Layoff, RTO, relocations, and rumors are what bring us here. I have a few minutes to share some of my insight moving from individual contributor to tech director and lastly AD. I hear chatter about who gets laid off and who doesn't. A lot of you think that layoffs purge the poor performers, and you're absolutely right. But, what makes a poor performer? Lets say I have 10 people on my team and all of them are great. I am told I have to reduce 2. If I happen to have an approved req for a backfill, I may be able to use that. If not, I have to go into the pool looking for poor performers. Here's a real example. Unfortunately, its one of many. You see, we go through this at least once a year, sometimes more.

10 people, 2 positions. Here were my poor performers.

First was an L2 single mom who was frequently swiping in closer to 9 most days. Great PO but, late. She was a solid performer and had an excellent rapport with her team and stakeholders. Next was an L1 QA analyst. He was a little hard of hearing so sometimes he played his music a little loud through his beats. People complained that they didn't like John's music tastes and that even when he wasn't listening to music, he still ignored them. Poor John's hearing loss and loud music didn't change the fact that he was outstanding at his job, worked 9+ every day and cared about his performance. Last person was an employee whose family lived offshore. He would take long vacations once or twice a year to go back to his homeland. One year, his vacation coincided with an outage that happened a couple weeks after a release. "John #2" was in India and was sleeping when we identified the problem. He did not respond to emails and didn't have cell service. We fixed the problem. No one blamed John 2, much. i was called to the mat and asked why I let him go so soon after the release. I said, A. we release every 2 weeks, and B. I can't control the timing of his religious holidays. He was a good developer though a little full of himself... and he smoked like a fiend. I hated it. Always smelled like cigs. Good performer though. Respected and worked constantly. Except when he was on vacay, that is.

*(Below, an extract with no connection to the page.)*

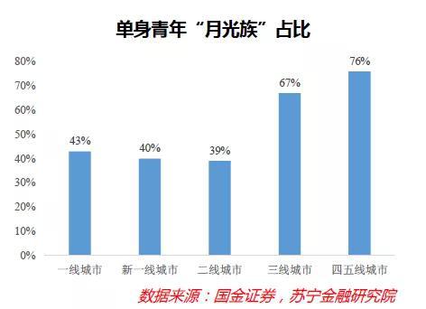 国金证券的数据显示,在一线、新一线和二线城市,大约40%左右的单身青年们都处于“月光”的生活状态;随着城市等级向下及月收入的降低,“月光”比例大幅提升,四五线城市的单身年轻人中,“月光族”所占比例高达76%。从收入水平看,大部分一线城市的单身青年月度可支配收入在8000~15000元,而从新一线城市往下,大部分单身青年的月度可支配收入仅为2000~5000元。

Quiz time! Which one got the pink slip? It was only 1. I had one get out of jail free card to play. I had me a scapegoat that i pulled from another team to fill a backfill. We 'met' at a HH. He was an L2 who had been elevated. Lower salary. UOP bizzness degree. Nice enough but a bit too conversational after a couple beers. Very active social life. Work was a clear second, maybe third priority. He met all the criteria for a good worker who'd be easy to boot in a 10% rif. There's a poor performer. That was 1. Who do you suppose number 2 was? Answer. None of them. I didn't want to have HR probing my selections. Instead, I said that "Tom" was a great developer but he was abrasive at times and didn't like the Agile game. Tom was smart, experienced, and expensive. He exceeded expectations at every turn despite hating to have to attend the agile ceremonies.

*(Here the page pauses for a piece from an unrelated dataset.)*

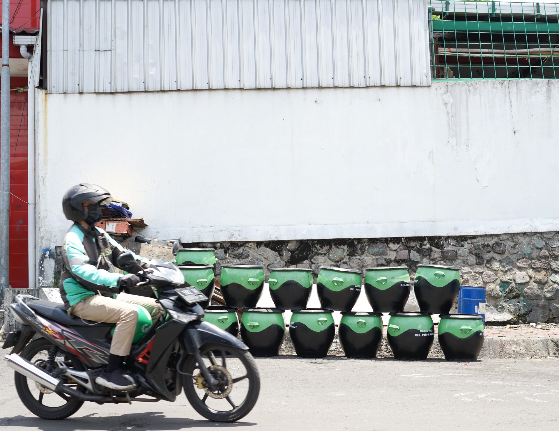 Bak sampah terpajang di sepanjang kawasan Jalan Waspada.

Now, we are in 2026. RTO has happened. You can't use that any more. Countless layoffs have whittled down the poor performers. So, look around at your teams tomorrow. You are the pool. One or 2 of you are poor performers and you don't even know it. Its not the person you want it to be. It rarely is. Its the person who believes in AT&T or at least believes in the product. Its the person who wants to hang out or who enjoys HHs with coworkers. Its the guy who busted his hump to get a degree while supporting a family and its the new grad with a CS degree but no actual development experience. Its the PM who sits in the conference room capturing notes for a few minutes too long after the meeting ends. Yes, every one of you could get your walking papers due to the very things that you think make you indispensable. Sorry to be the one to inform you.

As for me, I out in my notice 1 month and a few days after the August "Memo". I refused to have to label an exceptional employee a poor performer. If you are concerned, just remember that your value is not reflected by the salary you earn but how you treat the people you work with.